NEAR-OPTIMAL LINEAR REGRESSION UNDER DIS-TRIBUTION SHIFT

Abstract

Transfer learning is an essential technique when sufficient data comes from the source domain, while no or scarce data is from the target domain. We develop estimators that achieve minimax linear risk for linear regression problems under the distribution shift. Our algorithms cover different kinds of settings with covariate shift or model shift. We also consider when data are generating from either linear or general nonlinear models. We show that affine minimax rules are within an absolute constant of the minimax risk even among nonlinear rules for various source/target distributions.

1. INTRODUCTION

The success of machine learning crucially relies on the availability of labeled data. The data labeling process usually requires much human labor and can be very expensive and time-consuming, especially for large datasets like ImageNet (Deng et al., 2009) . On the other hand, models trained on one dataset, despite performing well on test data from the same distribution they are trained on, are often sensitive to distribution shifts, i.e., they do not adapt well to related but different distributions. Even small distributional shift can result in substantial performance degradation (Recht et al., 2018; Lu et al., 2020) . Transfer learning has been an essential paradigm to tackle the challenges associated with insufficient labeled data (Pan & Yang, 2009; Weiss et al., 2016; Long et al., 2017) . The main idea is to make use of a source domain with a lot of labeled data (e.g. ImageNet), and to try to learn a model that performs well on our target domain (e.g. medical images) where few or no labels are available. Despite the lack of labeled data, we may still use unlabeled data from the target domain, which are usually much easier to obtain and can provide helpful information about the target domain. Although this approach has been integral to many applications, many fundamental questions are left open even in very basic settings. In this work, we focus on the setting of linear regression under distribution shift and ask the fundamental question of how to optimally learn a linear model for a target domain, using labeled data from a source domain and unlabeled data (and possibly some labeled data) from the target domain.
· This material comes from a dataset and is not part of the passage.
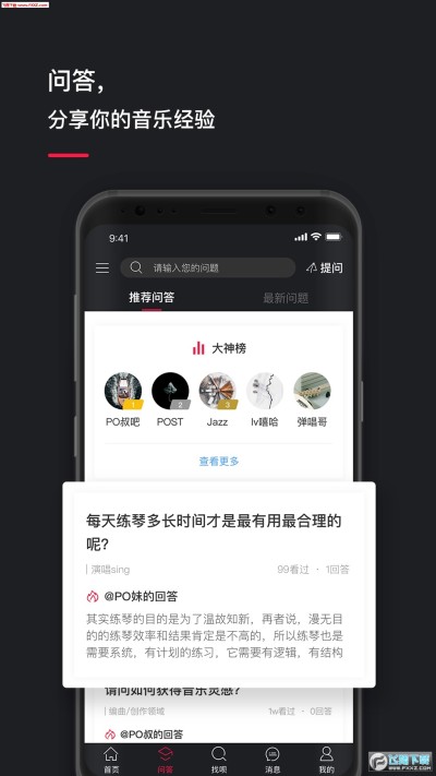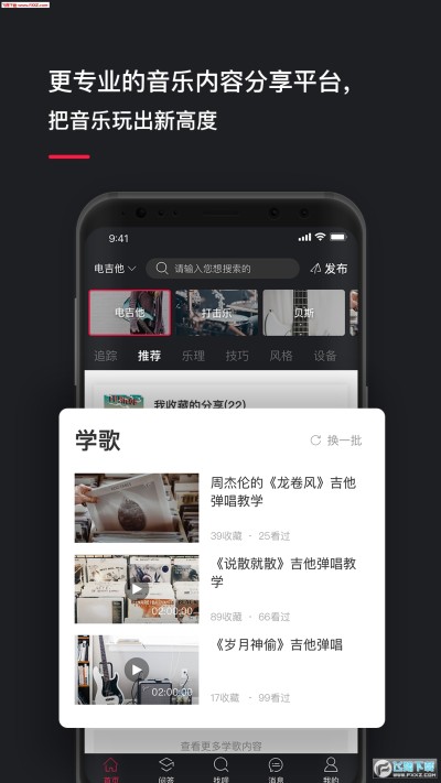 全新POST音乐是一款专业、有趣的音乐知识分享平台。App内拥有海量的音乐知识,全面覆盖十大领域:演唱、吉他、贝斯、尤克里里、打击乐、音乐制作、键盘、打击乐、音乐创作、电子乐。从不同的维度细分知识点:乐理、技巧、玩风格、找设备、学歌。

For various settings, including covariate shift (i.e., when p(x) changes) and model shift (i.e., when p(y|x) changes), we develop estimators that achieve near minimax risk (up to universal constant factors) among all linear estimation rules. Here linear estimators refer to all estimators that depend linearly on the label vector; these include almost all popular estimators known in linear regression, such as ridge regression and its variants. When the input covariances in source and target domains commute, we prove that our estimators achieve near minimax risk among all possible estimators.